▶ Records provided:
=== Section Start ===

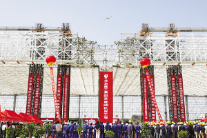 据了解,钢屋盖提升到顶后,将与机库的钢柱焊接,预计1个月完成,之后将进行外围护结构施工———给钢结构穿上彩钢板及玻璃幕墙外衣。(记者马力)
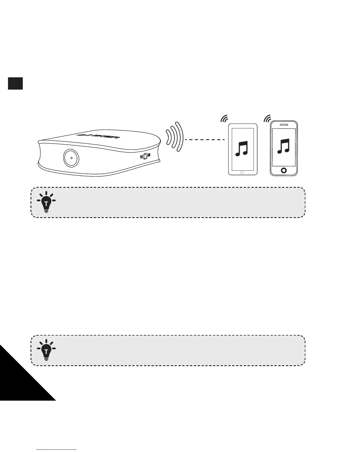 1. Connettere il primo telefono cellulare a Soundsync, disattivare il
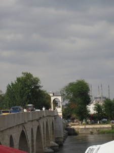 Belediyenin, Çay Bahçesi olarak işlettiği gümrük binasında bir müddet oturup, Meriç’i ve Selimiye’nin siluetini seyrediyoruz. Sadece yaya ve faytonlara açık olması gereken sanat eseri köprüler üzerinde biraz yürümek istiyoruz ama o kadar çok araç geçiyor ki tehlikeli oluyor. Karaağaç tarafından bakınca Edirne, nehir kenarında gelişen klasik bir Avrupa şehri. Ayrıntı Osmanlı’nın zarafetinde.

=== Section End ===
=== Section Start ===

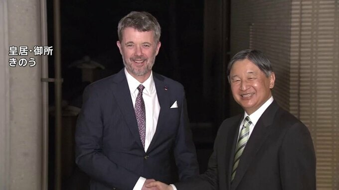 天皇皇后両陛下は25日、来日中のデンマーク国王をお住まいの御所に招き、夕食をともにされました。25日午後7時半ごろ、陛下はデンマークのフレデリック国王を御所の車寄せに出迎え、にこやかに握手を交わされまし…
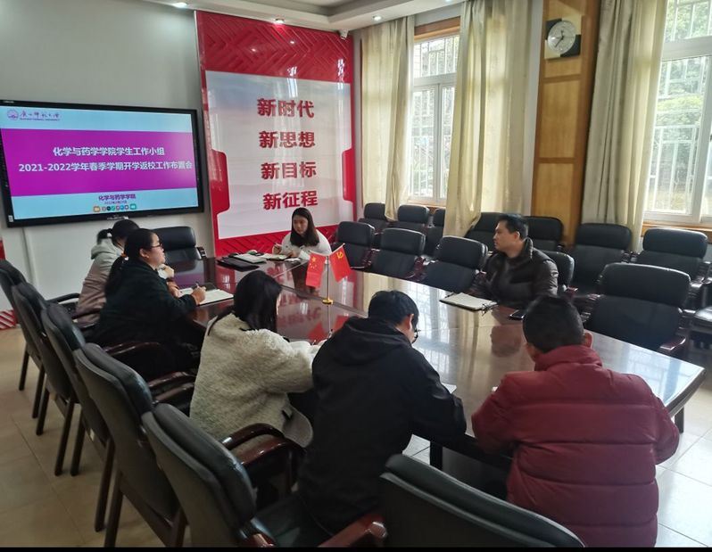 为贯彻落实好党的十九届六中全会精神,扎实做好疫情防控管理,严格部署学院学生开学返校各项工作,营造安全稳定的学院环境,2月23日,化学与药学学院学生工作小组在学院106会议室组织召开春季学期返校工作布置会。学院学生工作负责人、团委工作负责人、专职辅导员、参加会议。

=== Section End ===
=== Section Start ===

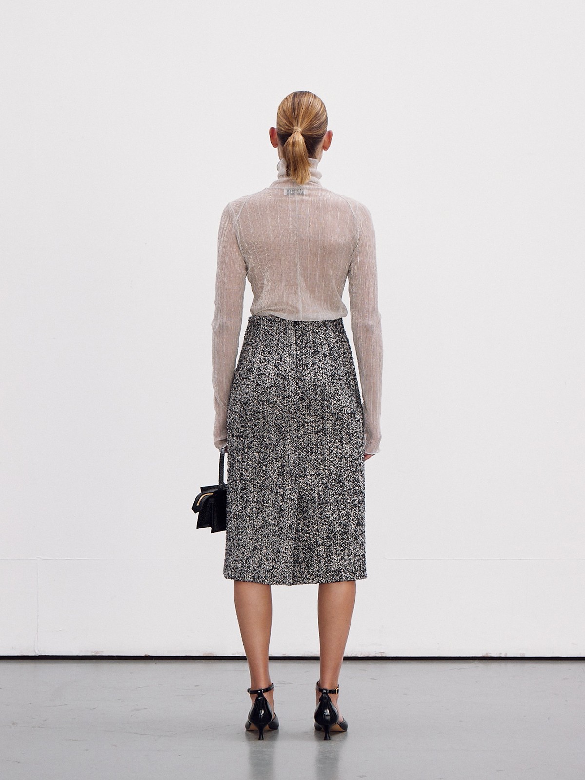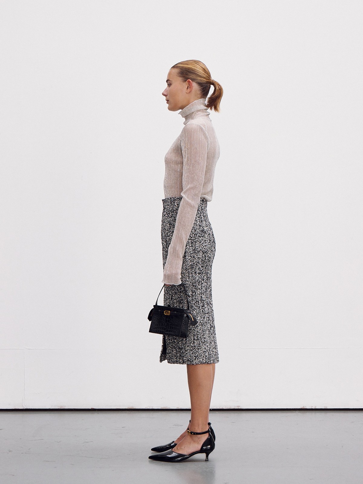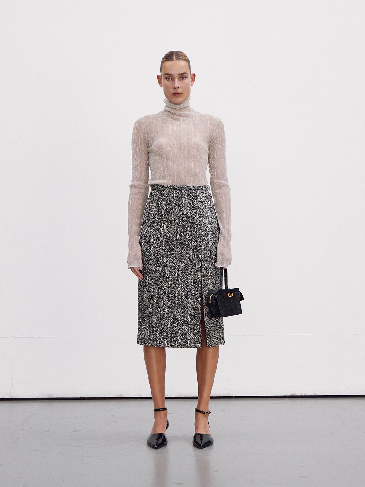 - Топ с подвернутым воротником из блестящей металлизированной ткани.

=== Section End ===

▶ Task to carry out:
Using the data above, transcribe exactly the lines between those containing "据了解,钢屋盖提升到顶后,将" and "1. Connettere il", inclusive, and leave every picture behind.

▶ Completed task:
 据了解,钢屋盖提升到顶后,将与机库的钢柱焊接,预计1个月完成,之后将进行外围护结构施工———给钢结构穿上彩钢板及玻璃幕墙外衣。(记者马力)
 1. Connettere il primo telefono cellulare a Soundsync, disattivare il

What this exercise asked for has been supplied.